One principle that is not normally used for the Industrials but that can be applied to the Transportations is that of relative strength (RS). This technique is particularly useful during periods of nonconfirmation between the two averages, when RS can offer a useful clue as to how the discrepancy will be resolved. One such example occurred in the summer of 1998 when the DJIA made a marginal new high. Chart 21.13 shows that the Transports remained above their 40-week MA but the average had already violated a secondary uptrend, thereby indicating potential weakness. As it turned out, when the Industrials reached their new high, the Transports rallied back to the extended trendline that they had previously violated.
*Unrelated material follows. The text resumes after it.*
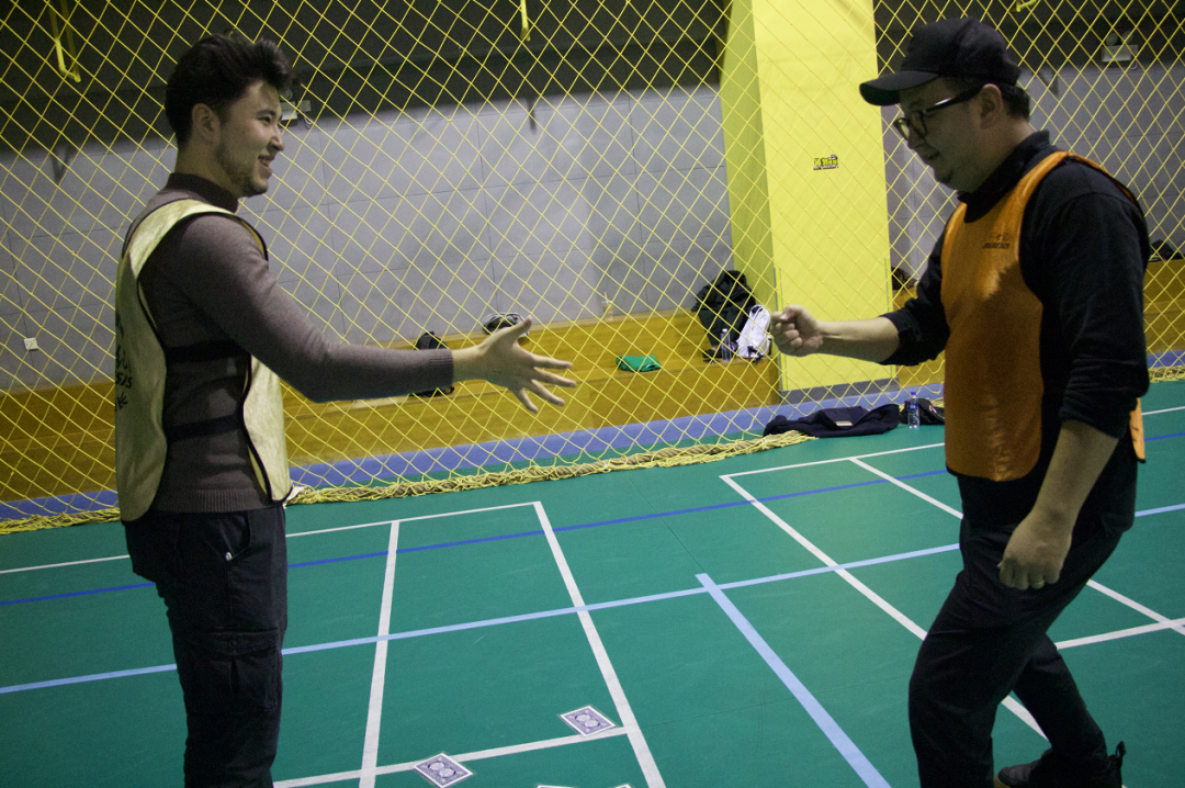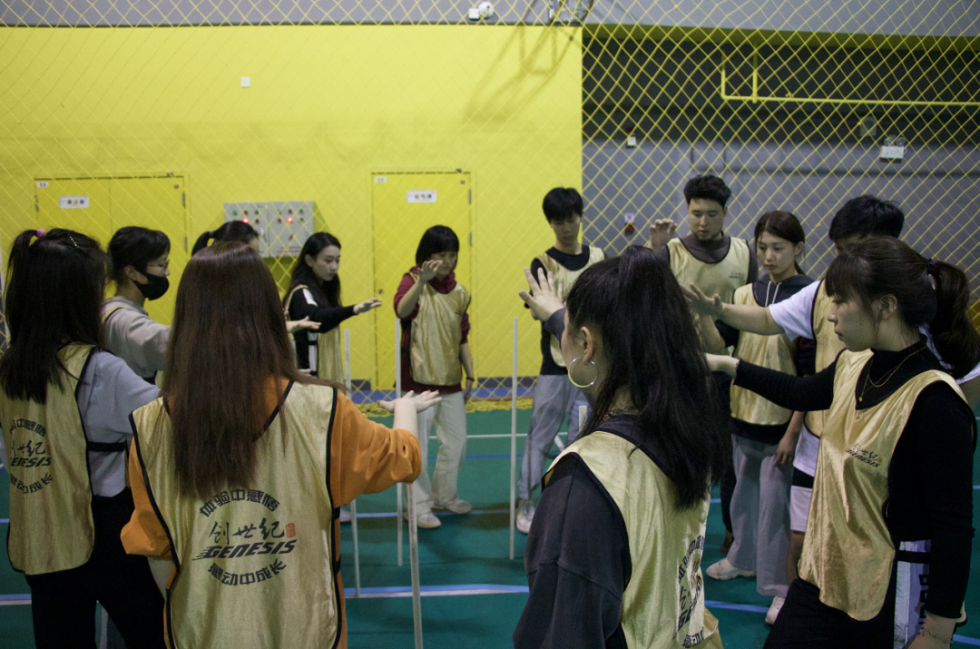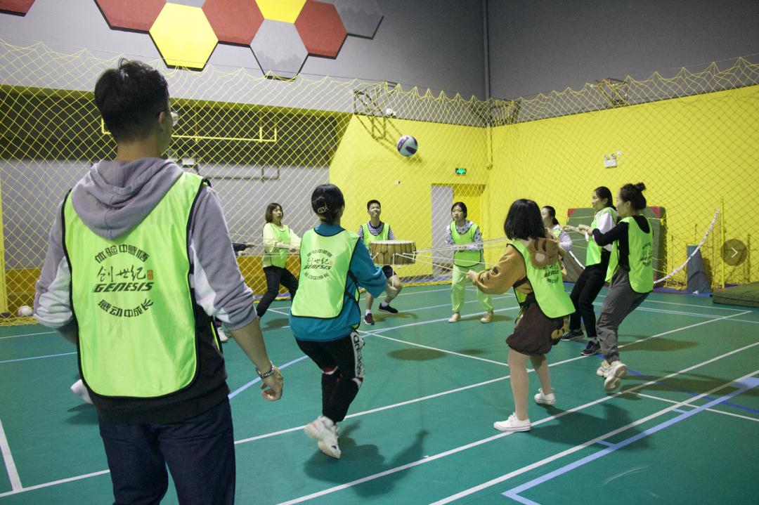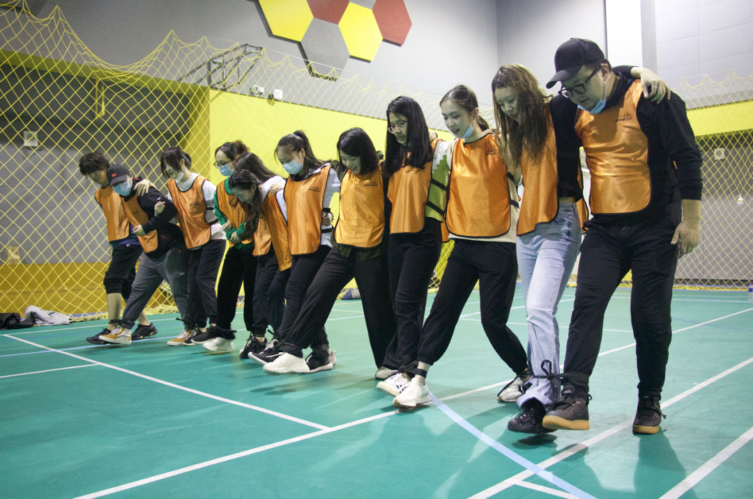 在教练的带领下学员们共分为绿、金、橙三组,通过两轮积分赛开展素质拓展。

However, the real tip-off that the Transports were unlikely to confirm the Industrials came from the fact that the RS line had crossed below its MA and secondary up trendline in April 1998. The 26-week ROC of relative strength also violated an up trendline. Thus, at the time when the Industrials were making a new high in July, the Transport RS line was declining and well below its MA. Finally, the ROC was unable to rally above zero, which represented an additional sign of vulnerability.
CHART 21.13 DJ Transports, 1996–1998 and Three Indicators
The Dow Jones Utility Average
The Dow Jones Utility Average comprises 15 utility stocks drawn from electric utilities, gas pipelines, telephone companies, etc. This average has historically proved to be one of the most reliable barometers of the Industrials. This is because utility stocks are extremely sensitive to changes in interest rates and interest rates generally lead the overall stock market. Interest rate changes are important to utility stocks for two reasons. First, utility companies require substantial amounts of capital because they are usually highly financed with debt relative to equity. As interest rates rise, the cost of renewing existing debt and raising additional money puts pressure on profits. When interest rates fall, these conditions are reversed and profits rise. Second, utility companies generally pay out their earnings in the form of dividends so that these equities are normally bought just as much for their yield as for their potential capital gain. When interest rates rise, bonds, which are also bought for their yield, fall in price and thus become relatively more attractive than utilities. As a result, inve
stors are tempted to sell utility stocks and buy bonds. When interest rates fall, the money returns once again to utility stocks, which then rise in price.
Major Technical Principle Since changes in the trend of interest rates usually occur ahead of reversals in the stock market, the Utility Average more often than not leads the DJIA at both market tops and market bottoms.
Generally speaking, when the Utility Average flattens out after an advance or moves down while the Industrials continue to advance, it is usually a sign of an imminent change in trend for the Industrials. Thus, the Utilities led the Industrials at the 1937, 1946, 1953, 1966, 1968, 1973, and 1987 bull market peaks. Conversely, at the 1942, 1949, 1953, 1962, 1966, 1974, and 1982 bottoms, the Utilities made their bear market lows ahead of the Industrials. At most major juncture points, the Utilities coincided with the Industrials, and occasionally, as at the 1970 bottom and the 1976 top, the Utilities lagged. Chart 21.14 shows that for the most part since the 1970s they have led, but lagged at the 2000 peaks and very slightly at the 2007 top.